● **EXERCISE INSTRUCTIONS**
Produce exactly the lines from the one holding "在第一关中,选取乌鸦阵容,海" through the last line of the data below, with every picture left out.

● **DATA FOR ANALYSIS**
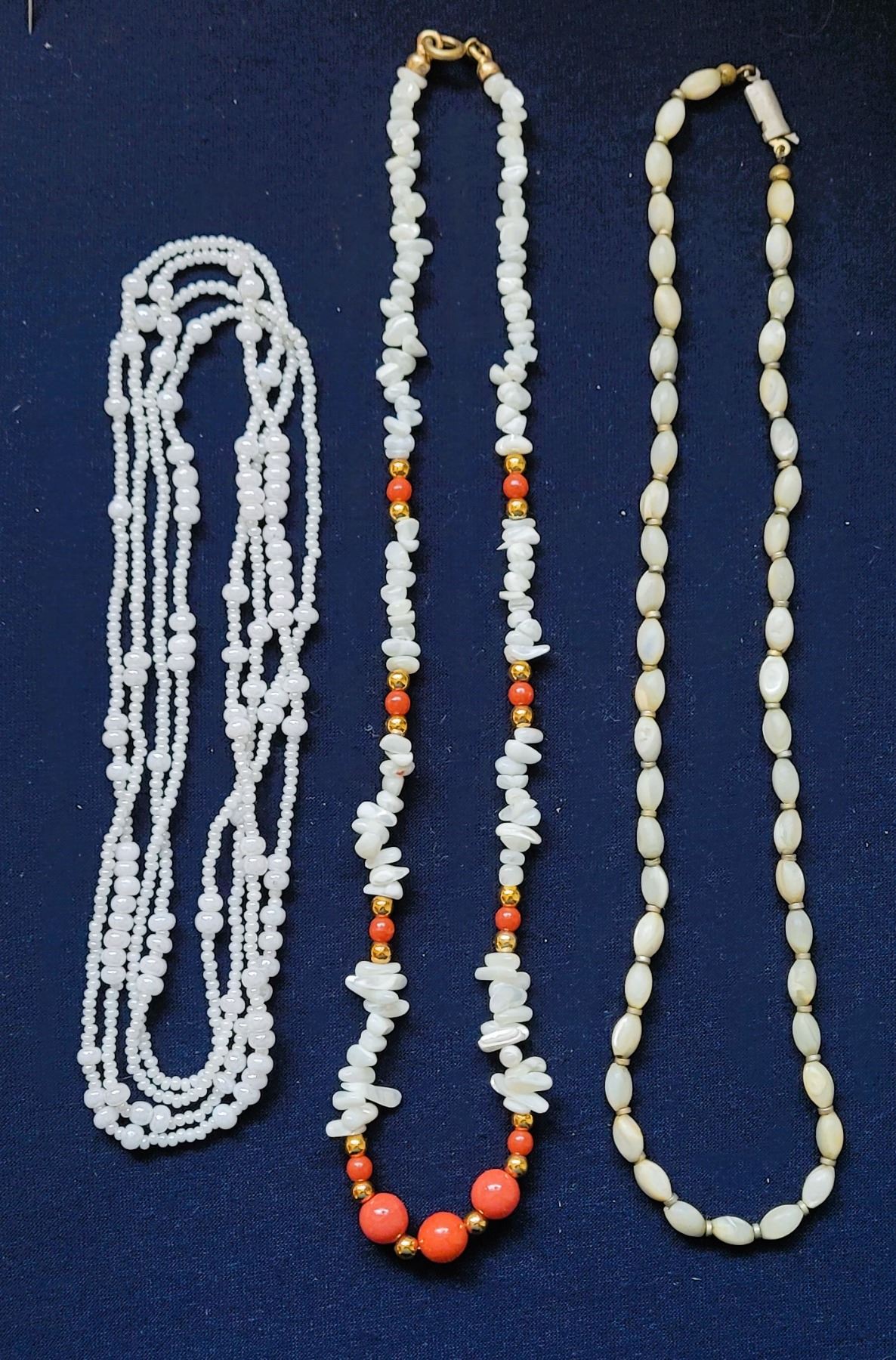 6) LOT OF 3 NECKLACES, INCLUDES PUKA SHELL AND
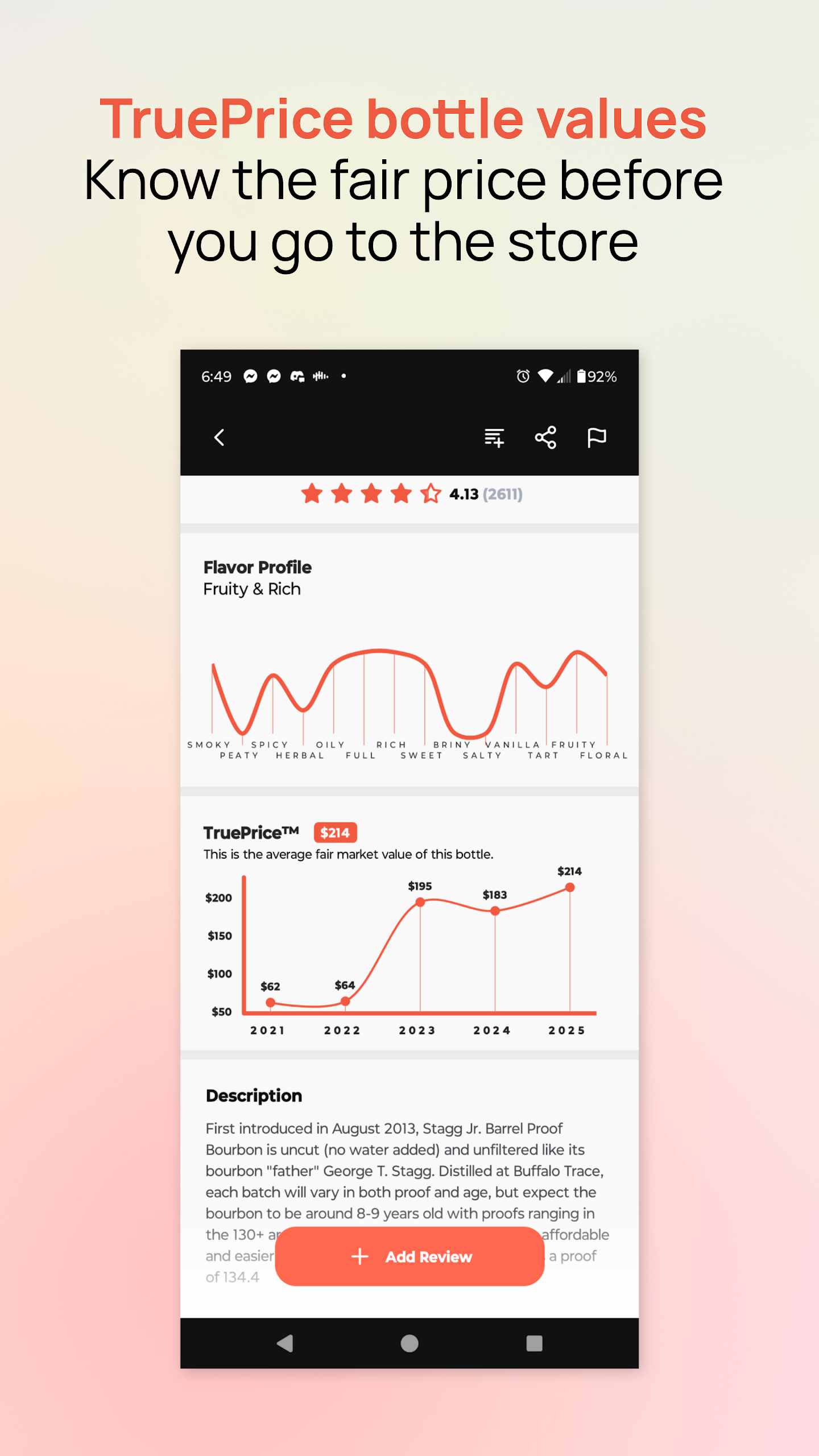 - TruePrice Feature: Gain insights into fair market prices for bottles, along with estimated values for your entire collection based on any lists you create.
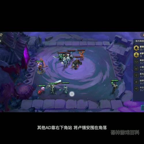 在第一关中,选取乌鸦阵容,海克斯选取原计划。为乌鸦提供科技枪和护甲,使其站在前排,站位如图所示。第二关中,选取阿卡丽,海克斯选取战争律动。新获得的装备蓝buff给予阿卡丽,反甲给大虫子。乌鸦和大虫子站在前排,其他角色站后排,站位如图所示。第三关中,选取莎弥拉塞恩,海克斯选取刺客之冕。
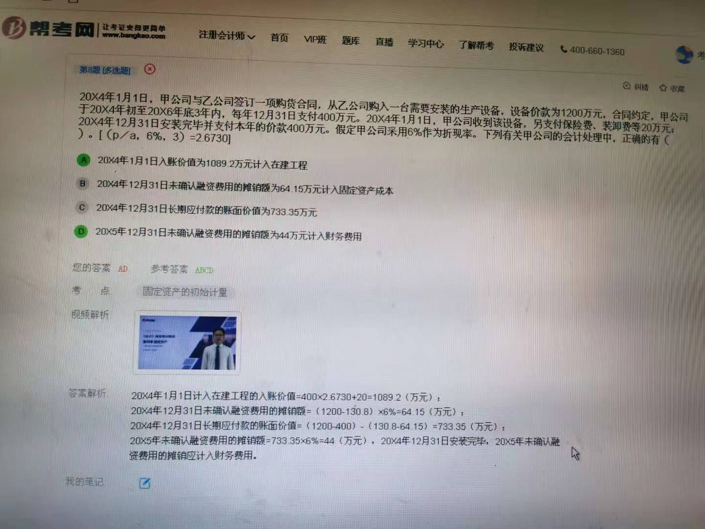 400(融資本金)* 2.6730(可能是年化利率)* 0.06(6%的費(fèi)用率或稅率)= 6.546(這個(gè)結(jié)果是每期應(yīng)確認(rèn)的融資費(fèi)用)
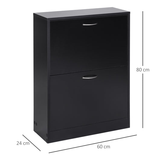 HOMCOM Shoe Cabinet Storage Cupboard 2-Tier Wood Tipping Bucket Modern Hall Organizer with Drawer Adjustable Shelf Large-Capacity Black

● **EXPECTED ANSWER**
 在第一关中,选取乌鸦阵容,海克斯选取原计划。为乌鸦提供科技枪和护甲,使其站在前排,站位如图所示。第二关中,选取阿卡丽,海克斯选取战争律动。新获得的装备蓝buff给予阿卡丽,反甲给大虫子。乌鸦和大虫子站在前排,其他角色站后排,站位如图所示。第三关中,选取莎弥拉塞恩,海克斯选取刺客之冕。
 400(融資本金)* 2.6730(可能是年化利率)* 0.06(6%的費(fèi)用率或稅率)= 6.546(這個(gè)結(jié)果是每期應(yīng)確認(rèn)的融資費(fèi)用)
 HOMCOM Shoe Cabinet Storage Cupboard 2-Tier Wood Tipping Bucket Modern Hall Organizer with Drawer Adjustable Shelf Large-Capacity Black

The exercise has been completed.